Ist es das, wenn man sich zu häufig in den eigenen Wänden dreht, um sich selbst, wohin den Blick zu richten oder vielmehr die Augen zu schließen, das Herz zu öffnen oder  – im Laufe des Lebens setzt es Kalk an, nicht wahr? Es verhärtet. Es schottet sich ab, während wir uns weiterdrehen wie Lindenblüten, die vom Ast segeln, ein erstes und letztes Mal.

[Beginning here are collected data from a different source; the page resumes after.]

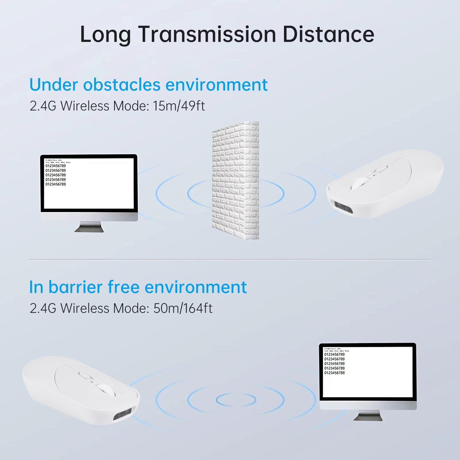 - 2.4GHZ Wirlesss Transmission, Enjoy 30 Meters Freely Transfer Data, Scanner And Mouse Share One Receiver.(NOT support Bluetooth)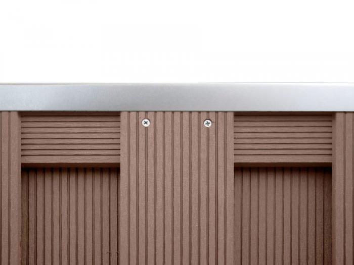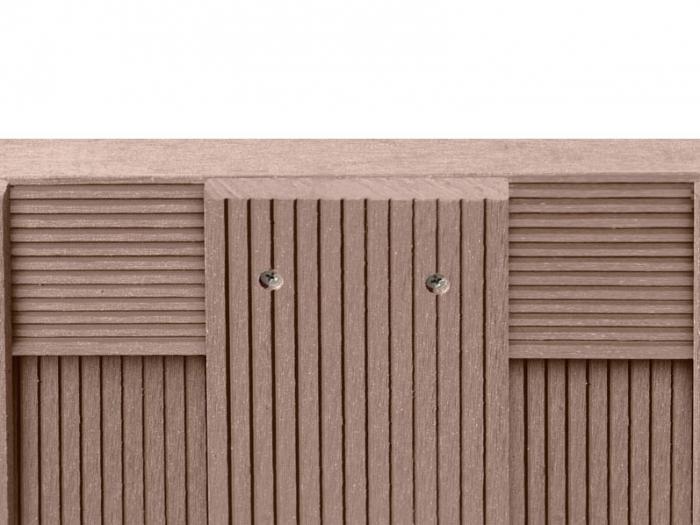 Bei den Pfosten dieser Zaunserie handelt es sich um Hohlprofile. Die gegen Aufpreis erhältliche Pfostenkappe schützt die Pfosten aus BPC vor eindringender Feuchtigkeit und Verschmutzung von oben. Der Pfosten ist zwingend auf den Schutz durch die Pfostenkappe angewiesen.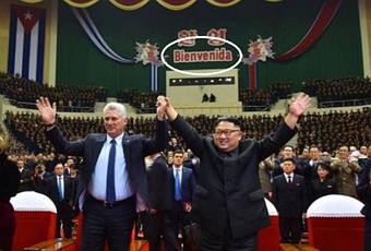 Colgado al fondo del Palacio de los Congresos de la capital norcoreana, donde el cubano y el dictador Kim Jong-un se presentaron para saludar a las autoridades del Partido Comunista de Corea del Norte, el polémico cartel dice: "Bienvenida", en vez de "Bienvenido".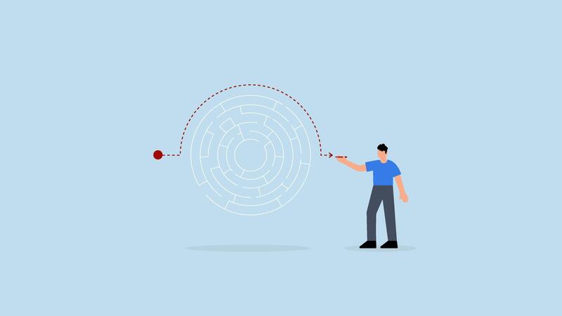 solution to bypass problem, entrepreneur mastermind create alternative path to navigate maze. Pro Video
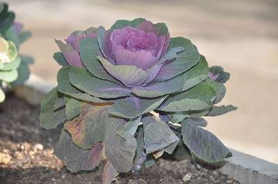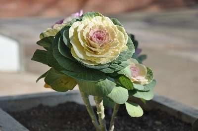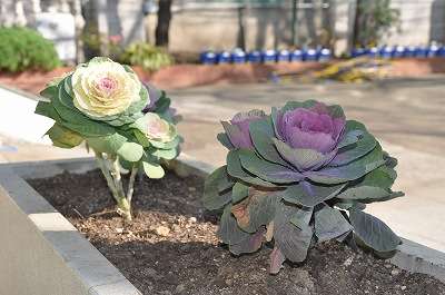 年末のなるとよく見られる葉ボタンが、学校の玄関前にも植えられています。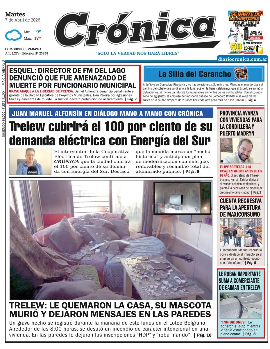 Nuestra tapa de la edición de Comodoro Rivadavia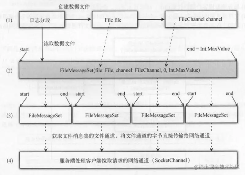 (3)服务端处理客户端的拉取请求,读取日志分段,会读取文件消息集 。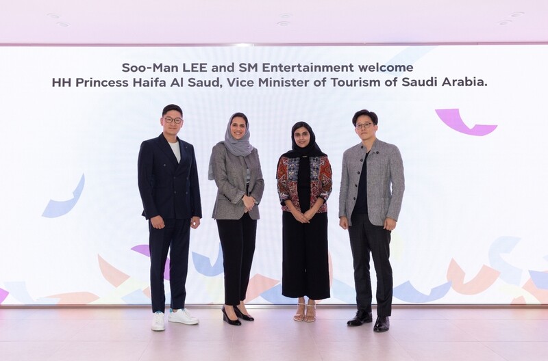 SEOUL, September 23 (Yonhap) -- SM Entertainment announced that the co-representatives of SM Entertainment, Lee Sung-soo and Tak Young-joon, met Haifa Bint Mohammed Al Saud, the princess and Vice Minister of Tourism, on September 21 at the new SM building located in Seongsu, Seoul, to talk about their collaboration.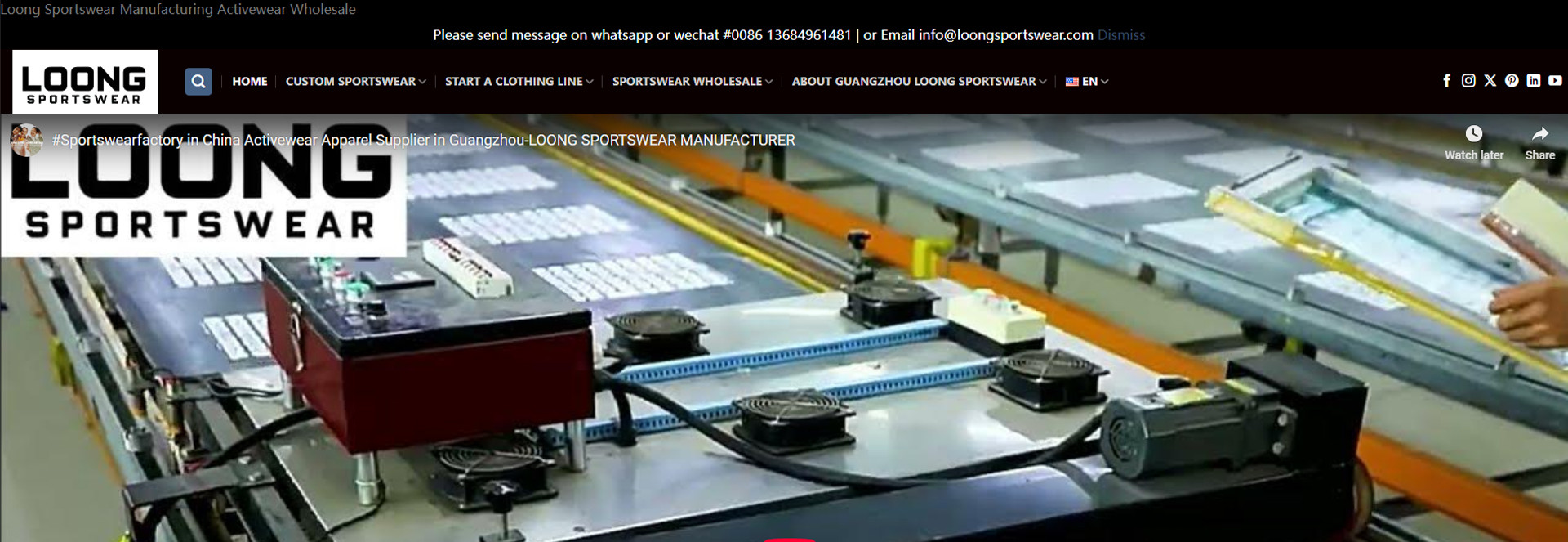 Loong Sportswear Manufacturer is a leading custom gym wear and activewear producer based in Guangzhou, China. With over 15 years of manufacturing experience, the company specializes in OEM and ODM services for global clients, serving fitness brands, e-commerce sellers, and wholesalers across North America, Europe, Australia, and Southeast Asia. Loong Sportswear is known for its high production efficiency, design flexibility, and commitment to quality.

Wir ziehen die Decke beim Drehen fester um uns. Schützen uns vor was? – wo doch der endlose Horizont, die dröhnenden Ebenen längst verbaut sind und die Dunkelheit nur noch in alten Geschichten – ich habe sie mein Lebtag noch nicht (manchmal annähernd) gesehen.  Wovor fürchten wir uns? Nochmal: wovor fürchten wir uns? Wenn es wirklich die Fremden sind, kann es nicht sein, dass wir es verlernt haben, uns selbst in die Fremde zu wagen?

Ankommen im Alltag

Wer kennt das nicht: Was vor der Abfahrt liegengeblieben ist, liegt auch nach der Rückkehr noch da. Und dann kommt eben noch einiges drauf. An Wäschewaschen, an Dingen, die – jetzt aber! – sofort zu erledigen sind, Spinnen die sich in Abwesenheit gleich breit machen, zu verjagen, Termine, Arbeit, und noch eine kleine Erkältung, die auskuriert werden möchte – ach so, ja, die Verspätung im eiskalten Zug betrug leider nur 50 Minuten, leider, weil man erst ab 60 Minuten eine Entschädigung geltend machen kann. Dafür haben wir auch nicht in Wolfsburg gehalten. Es war ja auch der letzte Zug an dem Abend (ich meine, da lohnt es sich doch richtig…). Einen Beschwerdebrief habe ich trotzdem geschrieben, zack, gleich noch eine Erledigung mehr.

Ankommen im Alltag heißt auch, alle Gedanken, vielleicht auch Wünsche, hier und da etwas zu ändern, einzufädeln. So ist mir in der kleinen Auszeit klar geworden, dass ich beruflich unbedingt dieses Jahr noch etwas wagen, etwas anderes machen möchte. Auch in der Wohnung möchte ich etwas verändern, da gilt es, Kostenvornanschläge einzuholen, den Vermieter zu fragen, ob das so o.k. ist, zu überlegen, wann ein günstiger Zeitpunkt wäre. Ich brauche eine neues Fahrrad und ich muss die Waschmaschine im Blick halten, die könnte schneller kaputt sein, als es mir lieb ist. Alltag at it’s best.

Und dann träumte ich diese Nacht, ich hätte bodenlanges blondes Haar. Ich stand vor dem Spiegel und war platt. Und ratlos, was für eine Frisur jetzt damit bloß zu machen sei. Nein, es gibt keine Antwort – ich bin zu früh aufgewacht.